ABSTRACT: Adverse health effects of coal-fired power plant emissions are often studied under bipartite network interference (BNI) settings, in which the treated units are different from the units that outcomes are observed on and treatment units can affect multiple outcome units. There is growing literature on causal effect estimation under BNI, but to our knowledge, none have considered the problem of optimal treatment regimes under BNI. We introduce a Q Learning and A Learning approach for determining cost-constrained treatment under arbitrary BNI, and derive the asymptotic properties of our proposed estimators. We demonstrate the efficacy of our methods in a simulation study.

Phillip Nicol
Doctoral Student, Department of Biostatistics, Harvard University

"Model-based dimension reduction for spatial transcriptomics data"

ABSTRACT: Recently developed technologies can measure gene expression at single cell resolution while simultaneously preserving the spatial location of samples. Standard dimension reduction techniques such as principal component analysis (PCA) can be applied to find a small set of genes that contribute biologically relevant variation. However, standard approaches do not model the count nature of the data which can lead to spurious results. Moreover, the resulting PCA factors may not be spatially coherent in the sense that nearby cells could have very different factor scores. In this talk I will discuss preliminary work on adding spatial penalties to a Poisson-based model for dimension reduction of single-cell gene expression data (scGBM).

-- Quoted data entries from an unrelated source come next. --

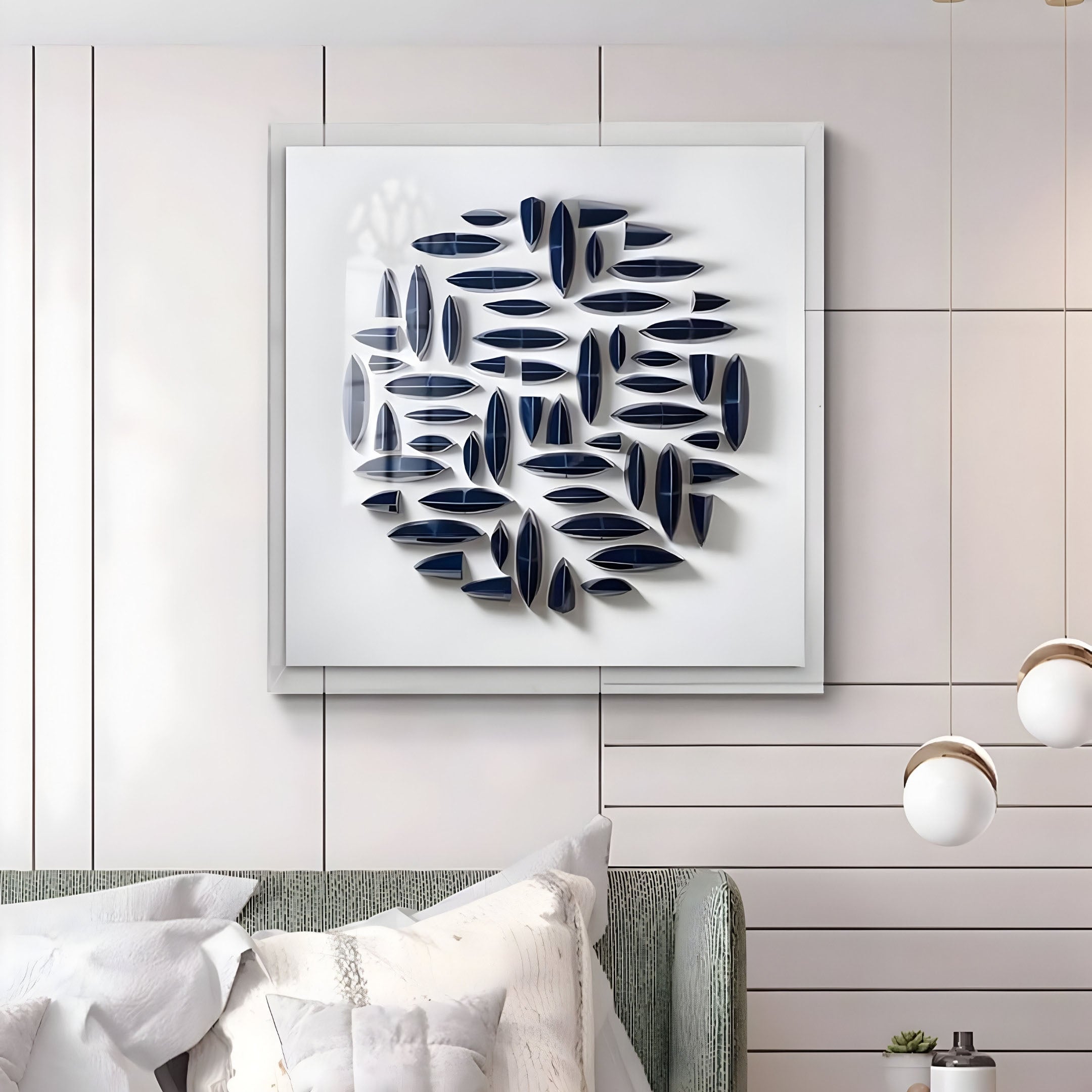 Contemporary 3D wall art embodies modern elegance, featuring sculptural geometric forms meticulously crafted with ceramic techniques. Arranged into an intricate and organic circular composition, the elongated deep blue shapes contrast beautifully against the white background, creating dynamic visual movement. The precise layering of ceramic elements adds texture and depth, while the interplay of light and shadow emphasizes its dimensional design. Encased in an acrylic frame with a minimalist white border, this statement piece combines artisanal craftsmanship with modern sophistication, making it the perfect focal point for stylish interiors.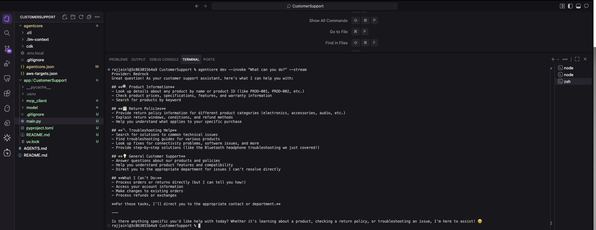 1. 搭建了项目框架 — 创建了包含 agentcore/(配置 + CDK)和 app/(agent 代码)的目录结构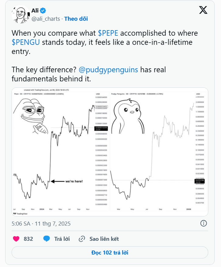 Ali nhận định rằng “Chỉ cần so sánh thành công của PEPE với vị thế hiện tại của PENGU, bạn sẽ thấy đây là một cơ hội hiếm có. Điểm khác biệt lớn nhất? Pudgy Penguins có những yếu tố thực sự ủng hộ phía sau.” Một yếu tố quan trọng khác mà Ali chỉ ra là “đợt retest tăng giá chuẩn sách giáo khoa” của PENGU vào ngày 10 tháng 7 cùng với sự dự đoán rằng giá có thể đạt 0,06 đô la vào tháng 8, tùy thuộc vào sự phê duyệt ETF PENGU của Cơ quan Chứng khoán và Giao dịch Hoa Kỳ (SEC).

We will demonstrate the ability of our method to produce spatially coherent factors on both real and simulated data.

Mónica Robles Fontán
Doctoral Student, Department of Biostatistics, Harvard University

"Time-varying effectiveness of the COVID-19 Bivalent Vaccine"

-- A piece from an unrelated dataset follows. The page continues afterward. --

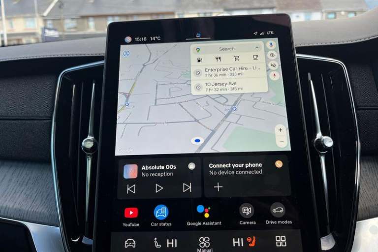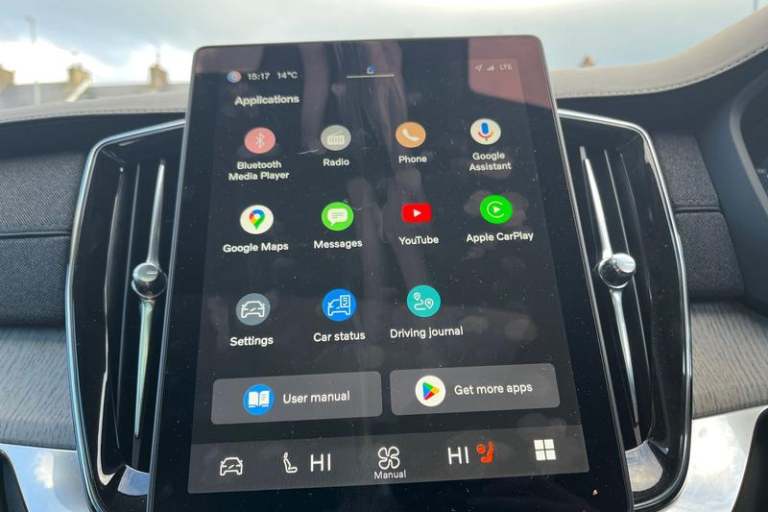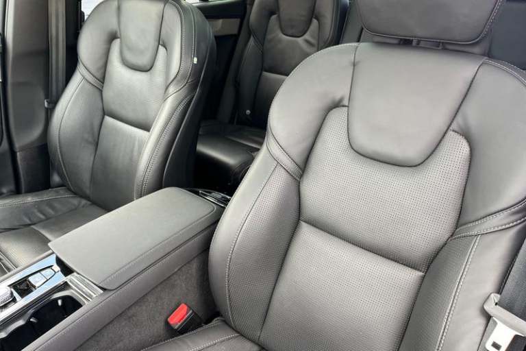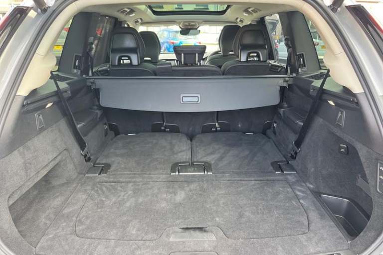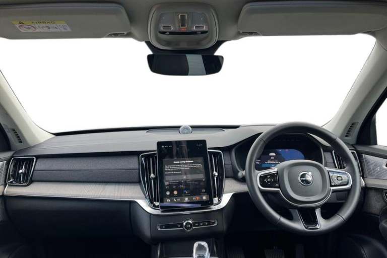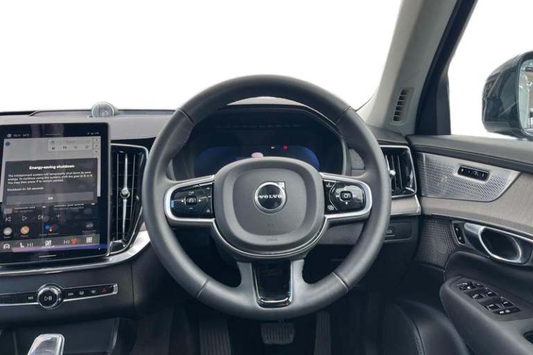 11.2 centre console touch screen, 12.3 Progressive Driver Display, 360 degree surround view parking camera with side proximity sensors, Adjustable steering wheel force, Apple carplay (wired), Bluetooth handsfree system, Driver alert control with lane keeping aid, Driver assistance (pilot assist and adaptive cruise control), Driver awareness - Blind spot information system with steer assist, cross traffic alert with autobrake and rear collision warning and mitigation, Driver Understanding System (Eye Tracking), Emergency call service, Front and rear park assist, Google Automotive Services - Navigation with Voice recoginition and google assistant, Handsfree power tailgate opening and closing, Intelligent speed assistance, Oncoming Lane Mitigation, PAS, Power operated tailgate, Service interval indicator, Speed sensitive steering, Trip computer, Volvo on call, Wireless/Inductive Mobile Phone Charging, Adaptive brake lights with high level LED brake lights, Auto dimming interior + exterior mirrors, Auto folding and heated power door mirrors, Automatic headlight levelling system, Automatic matrix LED headlights with Adaptive shadow technology and Active high beam, incorporating Day running lights, Body colour bumpers, Dark tinted windows - rear side windows and rear screen, Front and rear power windows, Headlight cleaning system, High gloss black door mirrors and window surround, High gloss black front and rear bumper deco, High gloss black front grille and deco, Home safe and

ABSTRACT: SARS-CoV-2 has now become a constant in our daily lives. To mitigate the severe outcomes of infection, the scientific community updates vaccines targeting both ancestral and newer, more prevalent strains. On October 12, 2022, the FDA approved the administration of a bivalent COVID-19 vaccine targeting Omicron strain infections. We intend to evaluate the bivalent vaccine's effectiveness by analyzing cases, hospitalizations, and deaths accumulated in Puerto Rico. In particular, we will compare improvements in effectiveness with respect to different groups: the unvaccinated, those who received the primary series, and those who received the primary series followed by a booster shot. Preliminary results suggest that bivalent vaccine effectiveness significantly declines within 6 months after administration, consistent with the decline in vaccine effectiveness associated with the primary series.